Dometic reported third-quarter sales of $473.7 million (Swedish Krona 4.7 billion), up 2 percent compared to the same period a year ago. Its operating profit (EBITDA) for the quarter was $81.4 million (SEK792 million) compared to $85.9 million (SEK835 million) a year ago.
“Market conditions in the quarter remained similar to what we have seen throughout 2019,” said Juan Vargues, president and CEO in a statement. “Despite a challenging global trading environment impacting us in the quarter, we are pleased with our underlying performance delivering net sales growth of 2 percent, continued high operating profit and a strong cash flow.”
Vargues said Dometic is continuing with initiatives that support its long-term strategy, including hiring personnel to “drive new growth areas and aftermarket focus.” The company recently opened a larger distribution center in Mexico to make itself “more competitive going forward.” Dometic also has focused on increasing production efficiencies and reducing its exposure to cyclicality and seasonality.
Dometic also announced a global restructuring program. “The program focuses on outsourcing of non-core activities and consolidation of locations,” Vargues said. “The execution of this program, in combination with a strong financial position, will allow us to deliver on our financial targets and take full advantage of the many opportunities ahead.”
The program, Vargues said, will generate a boost to annual profits of about $41.2 million (SEK400 million) when fully implemented. “We anticipate that the effect will gradually become apparent from the beginning of 2021, achieving its full impact in the middle of 2022,” he said. “The cost of implementing the program will be around [$77.2 million]. It is estimated that the majority of the cost will be charged in the coming 18 months.

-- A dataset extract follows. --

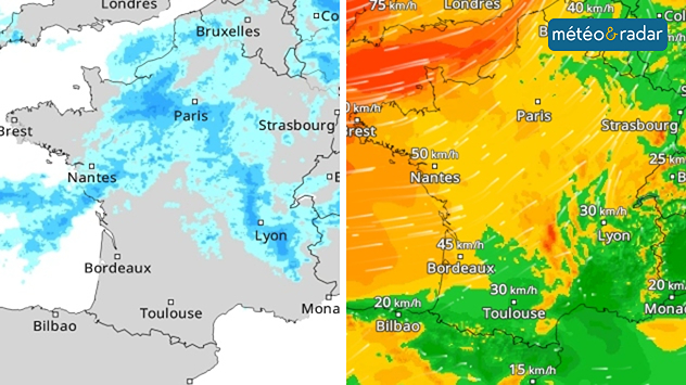 Carte des précipitations dimanche (à gauche) et des vents samedi (à droite)

Approximately 20 locations, including manufacturing, warehouses and offices, and 1,500 employees working in these locations will be affected by the program.”
Vargues said that due to “continued challenging market conditions” in the Americas and the additional impact of U.S. tariffs, Dometic has issued a new full-year 2019 outlook with “negative organic growth and an EBIT margin around 13.5 percent.”